Reforzamos el poder público hasta límites nunca antes vistos por las excepcionales circunstancias vividas durante la pandemia; y cuando, pasado el shock inicial, ya estábamos entrenados en la dinámica imperativa que establecía por normativa de excepción prescripciones y limitaciones de derechos, las hemos mantenido preventivamente o como latente advertencia. Hemos cambiado la relación entre quien controla y quien es controlado, dando por bueno que hasta el concejal de festejos del último pueblo se sienta legitimado para decirte si puedes ejercer derechos civiles y políticos fundamentales, admitiendo que las palabras marciales y las reprimendas formen parte del vocabulario político.

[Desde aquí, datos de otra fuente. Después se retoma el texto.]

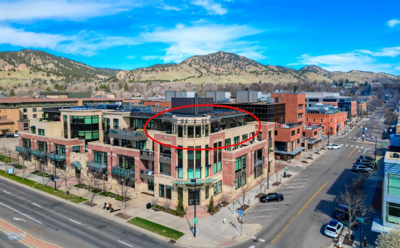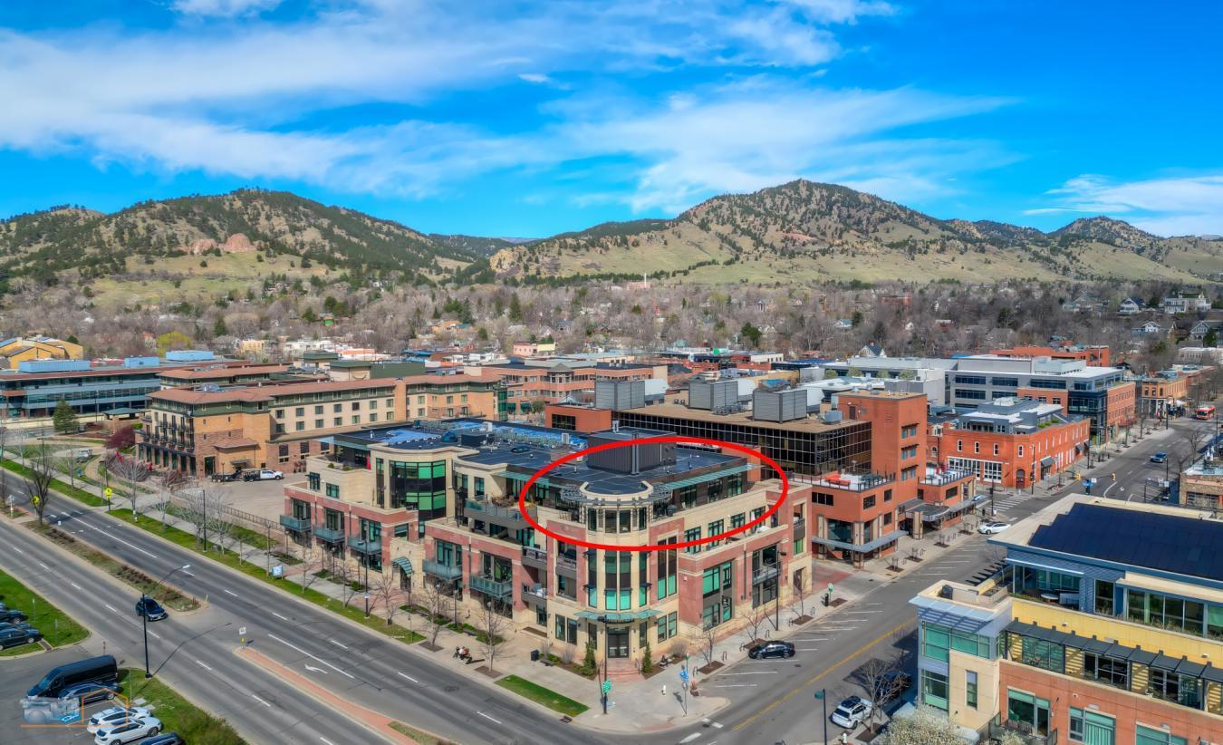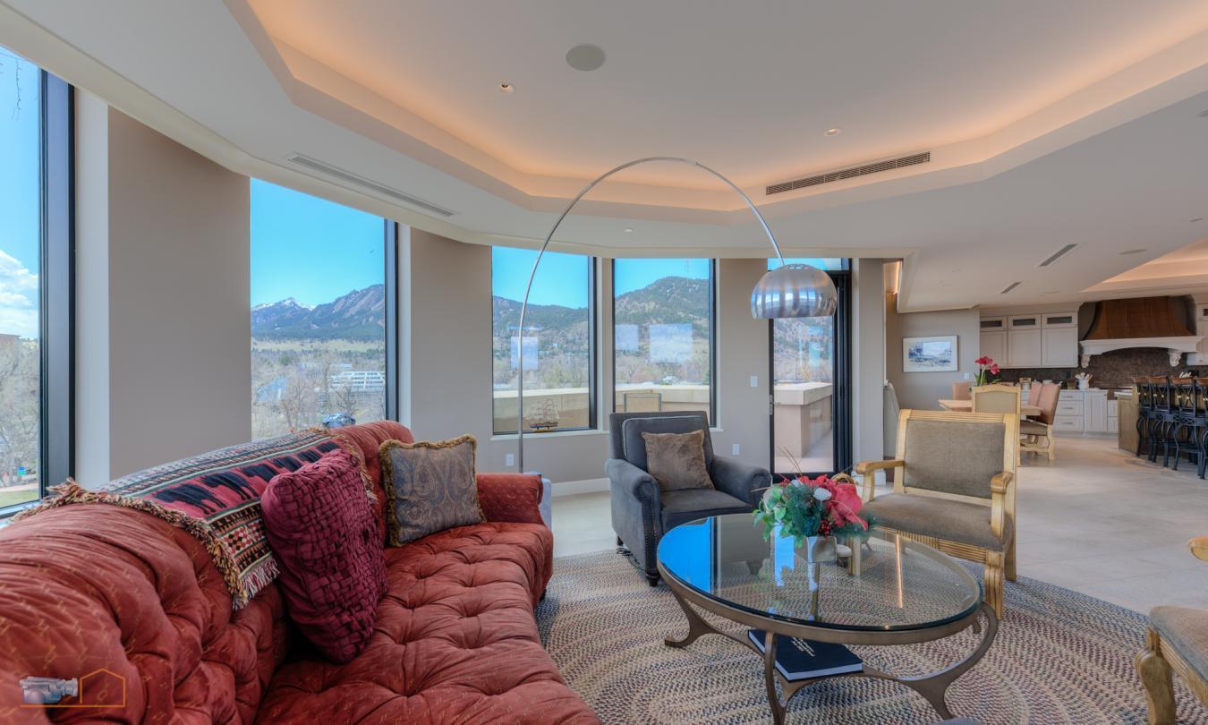 Considered by many to be the finest residence in downtown Boulder. Stunning 4415 sf penthouse in the Arete with floor to ceiling panoramic views above tree line to the Flatirons, Central Park, Boulder Creek, Folsom Stadium, Chautauqua and Pearl St. Mall. And all of downtown within steps or viewed from a 1400sf wrap around patio. This build-out of only 5 years ago, features a rare turret style living room of convex architecture providing full vistas 24/7 without the need to be outside. The turret, with expansive windows, floods the living space with abundant sunshine. An inviting open-concept layout seamlessly merges the kitchen, dining, and living areas, making entertaining and socializing a central focus. Moros Fabrication cut and installed the Pental slab quartz kitchen island and natural stone granite countertops. Wolf double ovens and range top, Sub-Zero refrigerator, custom cabinetry, bespoke range hood, and wine cooler make this kitchen truly a haven for culinary enthusiasts. The family room with custom fireplace and marble mantel, provides a cozy retreat while keeping the mountains in view. Adjacent home office with built ins. The generous primary bedroom will not disappoint, with recessed cove lighting, TV/fireplace and library wall. Luxurious spa like bathroom, additional primary vanity & an expansive walk-in closet. The current owner uses one of the three additional bedrooms as an exercise room, but all have ensuite bathrooms, granite counters and direct access to the 1400 sf wraparound patio that enjoys late day sunshine. There are 15 full size doors with custom screens providing natural air flow. Abundant and discrete storage throughout and a 150 sf storage room in the garage that includes built-in shelving. The unit comes with 3 dedicated underground parking spaces with additional parking available for guests. The Arete is an elite building and certified as Silver Leeds consistently drawing the highest resale prices in Boulder since opening in 2009.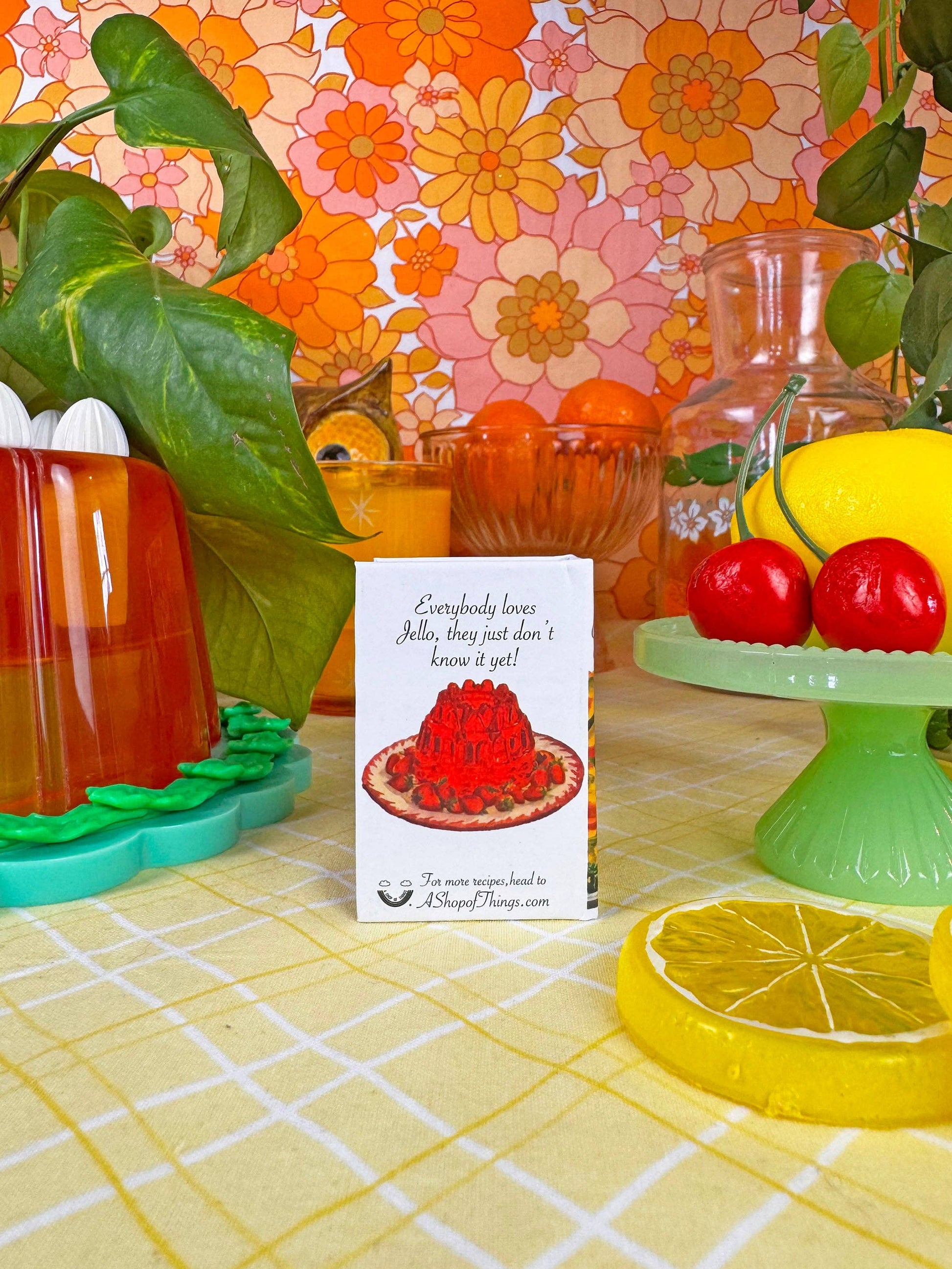 Designed to look and open like an actual book, these matches feature tons of delicious recipes for jello enthusiasts everywhere!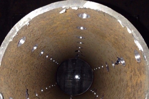 Die Löcher in den Wänden des Rohrs in einem Schachbrettmuster oder einfach gleichmäßig über die Oberfläche verteilt haben einen Durchmesser von 0,9 bis 0,95 cm. Die Vertiefungen von der Unterseite und der Oberseite des Rohrs betragen 2 bis 2,5 cm bzw. 5,5 bis 6 cm.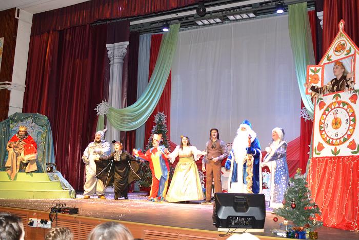 ВСЕХ приятно удивили актеры театра РДК. Детвора с интересом наблюдала за волшебством и новогодним переполохом, происходившими в сказочном королевстве. Коварная Летучая Мышь с трусливым другом Крысом украли в королевстве волшебный ключик от часов с Кукушкой. Часы на время остановились, и это доставило радость сказочным воришкам. Тем самым они хотели лишить главного праздника детишек. И поначалу заколдовали жителей королевства – Пса-сыщика, Шута и Принцессу – которые бросились на их поиски. Но Король позвал на выручку Деда Мороза и Снегурочку. И чудо свершилось – злодеи-воришки испугались снежной вьюги, которую устроил Дед Мороз, и ключик от часов оказался в руках жителей королевства. А затем актеры театра пригласили всех в танцевальный зал, где дети стали главными участниками рождественского приключения. Со сказочными персонажами Поросенком, Мышкой, Шутом, Старушкой-путешественницей водили хоровод, пели, резвились, ловко преодолевали «волшебный туннель». Возле сверкающей огнями елки радовались встрече с Дедом Морозом и Снегурочкой, которые принесли подарки.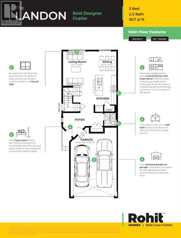 ** Open House at showhome - 120 Clydesdale Ave, Cochrane - November 26th 4-6pm, November 27th 1-4pm, November 29th 12-3pm, November 30th 12-4pm and December 2nd 2-5pm ** The Landon by Rohit Communities is a stunning duplex with an attached double front garage and over 1,600 sq. ft. of developed space. The main floor features a bright, open-concept layout with a spacious living room, dining area, modern kitchen with a large island, and a convenient half bath. Upstairs, you’ll find two generous bedrooms, a versatile flex space, laundry, and two full bathrooms. The home also includes a separate side entry and an unfinished basement, offering great potential for future development. Front and back landscaping are included. Photos are representative, and interior colors may vary. (id:53676)
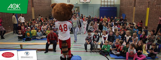 "Fortuna macht Schule" hieß es am Montag, 16.11, wieder einmal für Maskottchen Fred, Kapitän Daniel Flottmann, Lars Bender und Tim Boss. Diesmal ging es in den Sportunterricht der KGS Trierer Straße, wo die Schülerinnen und Schüler an der Seite der bewährten Profis verschiedene Stationen durchliefen.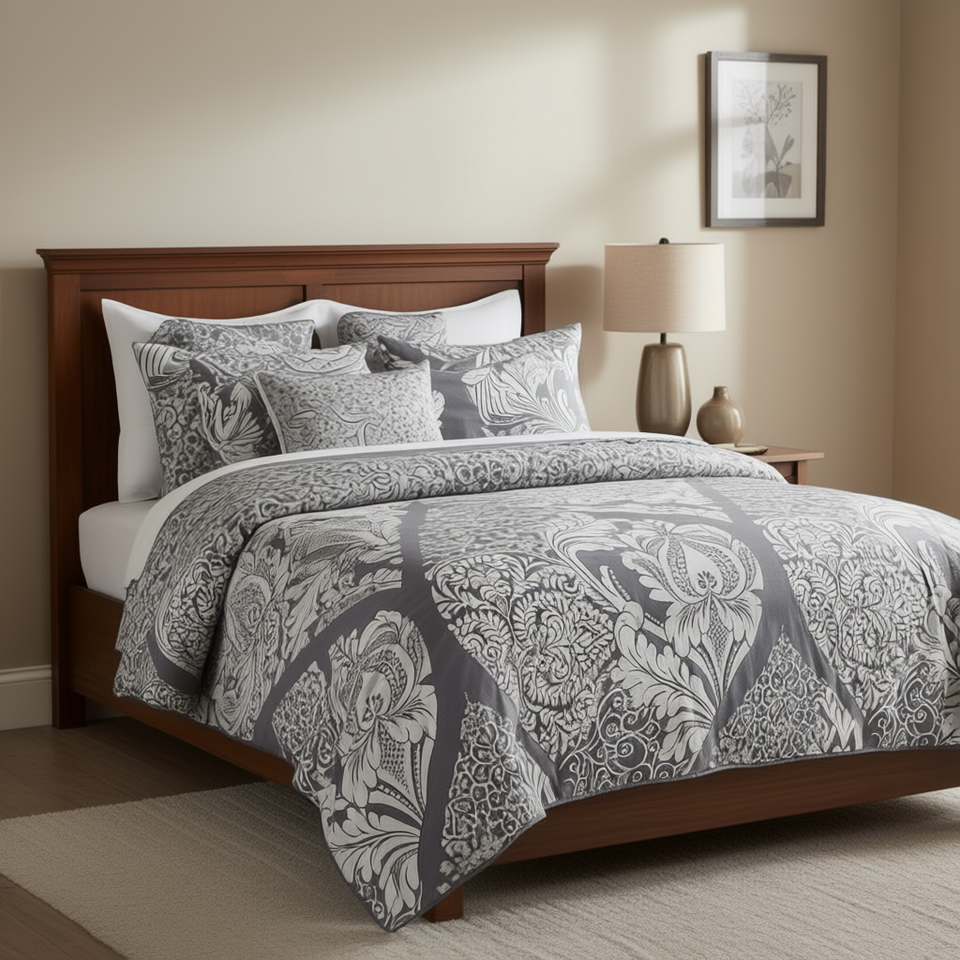 Printed Duvet Cover Set 6 Piece Classic Pattern Home Bedding

Inflado el globo autoritario y entregados a la idea de que alguien debe rescatarnos de nuestra inseguridad, nos asombra ahora que el hiperliderazgo sin complejos encumbre al primer mediocre como un salvador, marcando el tono político del resto. Entre medias, nos han robado no sólo la propia idea de seguridad sino también la de libertad, de cuya mera invocación se desconfía y se ponen peros nada más escuchar su nombre, perdiendo el debate dialéctico antes de salir de la caseta. 

En este estado de cosas, para evitar que determinadas propuestas políticas provoquen un corrimiento de carga que haga naufragar nuestro sistema político, o que consiga desfigurarlo de manera irremisible, no bastará esta vez con hacer aspavientos en nombre de unos valores, estilos y modos democráticos que las propias fuerzas políticas mayoritarias han horadado, y seguir con el business as usual. La oposición ante la involución tampoco vendrá de las corrientes hace unos años emergentes y hoy en vía muerta o en trance de desparecer. Conviene edificar otro discurso y, sobre todo revisar, las propias prácticas, porque esta vez no será el mero descarte lo que nos evite asomarnos al abismo (¿qué otra cosa sería una Europa exangüe y acosada con una mayoría de los países entregada al nacional-populismo?). Una parte importante de las sociedades europeas (y la española hace mucho que ya no es una excepción), atravesadas por la sensación tumultuosa de no tener el control sobre casi nada, empiezan a tener ganas de probar ese veneno, bajo la idea, tan peligrosa como inevitable, de que «algo hay que hacer».